[THE INPUT]
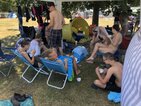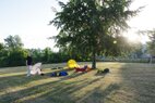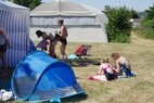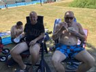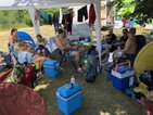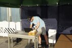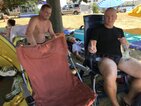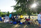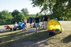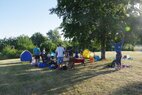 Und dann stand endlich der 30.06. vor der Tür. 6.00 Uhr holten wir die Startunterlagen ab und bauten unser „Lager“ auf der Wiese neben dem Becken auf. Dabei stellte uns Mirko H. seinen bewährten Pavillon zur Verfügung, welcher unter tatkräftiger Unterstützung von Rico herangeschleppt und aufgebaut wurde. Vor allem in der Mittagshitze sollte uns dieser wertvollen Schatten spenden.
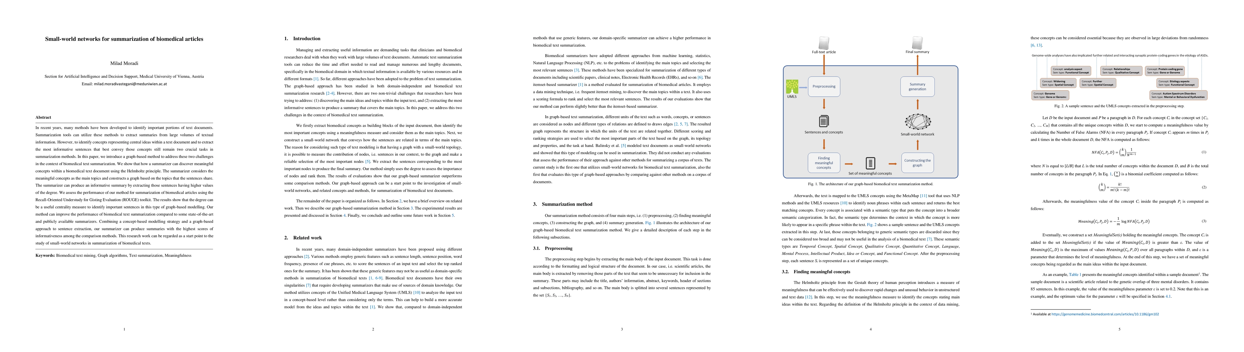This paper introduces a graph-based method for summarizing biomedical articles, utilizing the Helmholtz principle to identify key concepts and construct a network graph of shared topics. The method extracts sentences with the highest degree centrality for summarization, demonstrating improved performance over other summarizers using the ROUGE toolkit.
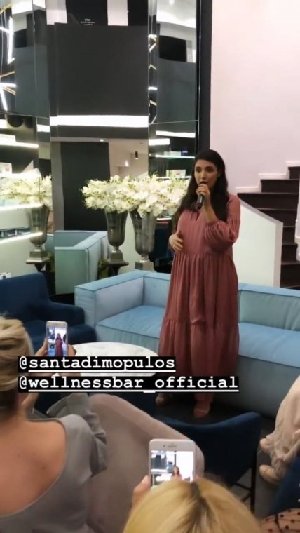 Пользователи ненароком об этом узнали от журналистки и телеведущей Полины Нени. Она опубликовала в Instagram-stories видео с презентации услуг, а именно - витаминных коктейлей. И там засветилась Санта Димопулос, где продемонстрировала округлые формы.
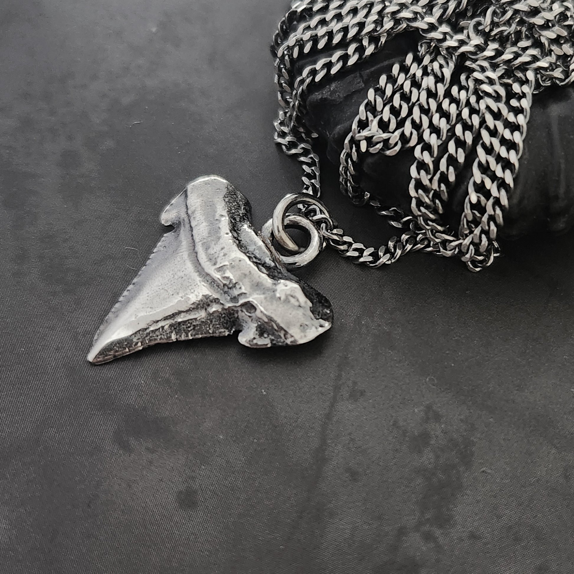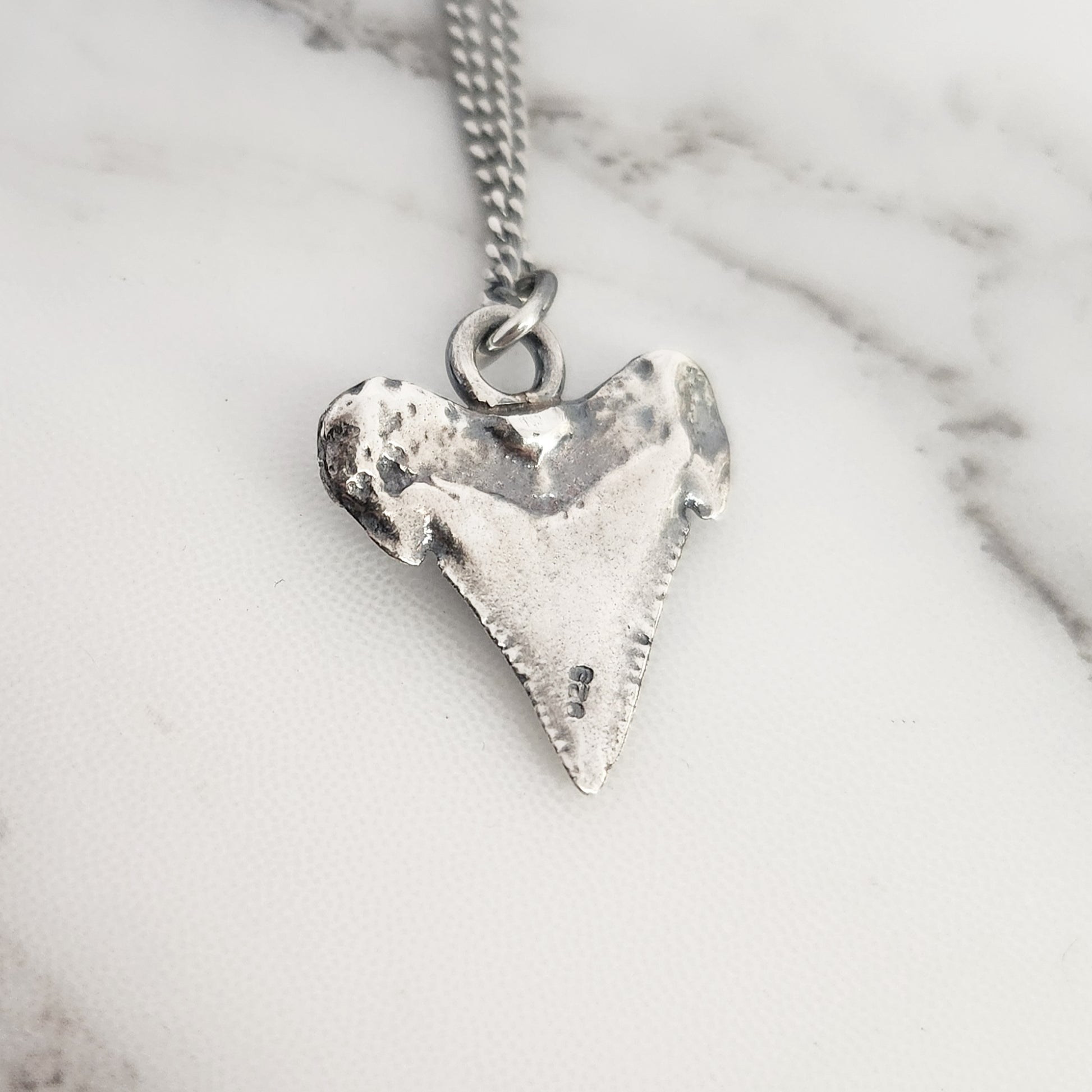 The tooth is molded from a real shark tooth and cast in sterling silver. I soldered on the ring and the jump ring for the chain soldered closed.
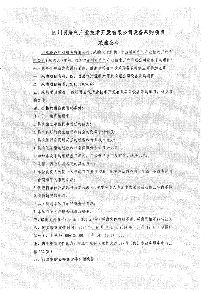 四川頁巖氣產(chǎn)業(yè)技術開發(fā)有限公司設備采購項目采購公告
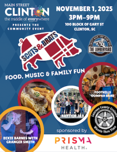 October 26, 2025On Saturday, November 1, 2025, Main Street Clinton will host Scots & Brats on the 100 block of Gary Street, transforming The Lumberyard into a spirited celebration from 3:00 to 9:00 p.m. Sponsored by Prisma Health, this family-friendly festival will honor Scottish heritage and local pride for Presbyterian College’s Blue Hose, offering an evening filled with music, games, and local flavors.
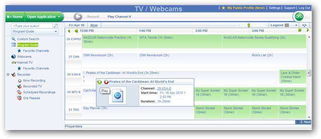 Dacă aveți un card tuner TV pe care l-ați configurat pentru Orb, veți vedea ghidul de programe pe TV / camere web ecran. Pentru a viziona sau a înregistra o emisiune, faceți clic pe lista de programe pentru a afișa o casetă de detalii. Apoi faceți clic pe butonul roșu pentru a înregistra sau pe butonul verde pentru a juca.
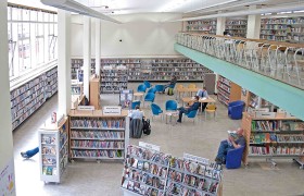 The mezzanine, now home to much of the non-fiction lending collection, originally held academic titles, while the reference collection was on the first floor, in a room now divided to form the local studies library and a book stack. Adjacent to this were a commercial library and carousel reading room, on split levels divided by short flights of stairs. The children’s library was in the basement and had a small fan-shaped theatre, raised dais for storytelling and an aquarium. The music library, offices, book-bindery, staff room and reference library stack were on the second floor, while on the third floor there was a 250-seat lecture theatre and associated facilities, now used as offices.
[/THE INPUT]
- **WHAT YOU HAVE TO DO**
Up to and including the line with "Dacă aveți un", repeat every line from the top of the entries exactly, but not the pictures.

- **REPLY**
 Und dann stand endlich der 30.06. vor der Tür. 6.00 Uhr holten wir die Startunterlagen ab und bauten unser „Lager“ auf der Wiese neben dem Becken auf. Dabei stellte uns Mirko H. seinen bewährten Pavillon zur Verfügung, welcher unter tatkräftiger Unterstützung von Rico herangeschleppt und aufgebaut wurde. Vor allem in der Mittagshitze sollte uns dieser wertvollen Schatten spenden.
This paper introduces a graph-based method for summarizing biomedical articles, utilizing the Helmholtz principle to identify key concepts and construct a network graph of shared topics. The method extracts sentences with the highest degree centrality for summarization, demonstrating improved performance over other summarizers using the ROUGE toolkit.
 Пользователи ненароком об этом узнали от журналистки и телеведущей Полины Нени. Она опубликовала в Instagram-stories видео с презентации услуг, а именно - витаминных коктейлей. И там засветилась Санта Димопулос, где продемонстрировала округлые формы.
 The tooth is molded from a real shark tooth and cast in sterling silver. I soldered on the ring and the jump ring for the chain soldered closed.
 四川頁巖氣產(chǎn)業(yè)技術開發(fā)有限公司設備采購項目采購公告
 October 26, 2025On Saturday, November 1, 2025, Main Street Clinton will host Scots & Brats on the 100 block of Gary Street, transforming The Lumberyard into a spirited celebration from 3:00 to 9:00 p.m. Sponsored by Prisma Health, this family-friendly festival will honor Scottish heritage and local pride for Presbyterian College’s Blue Hose, offering an evening filled with music, games, and local flavors.
 Dacă aveți un card tuner TV pe care l-ați configurat pentru Orb, veți vedea ghidul de programe pe TV / camere web ecran. Pentru a viziona sau a înregistra o emisiune, faceți clic pe lista de programe pentru a afișa o casetă de detalii. Apoi faceți clic pe butonul roșu pentru a înregistra sau pe butonul verde pentru a juca.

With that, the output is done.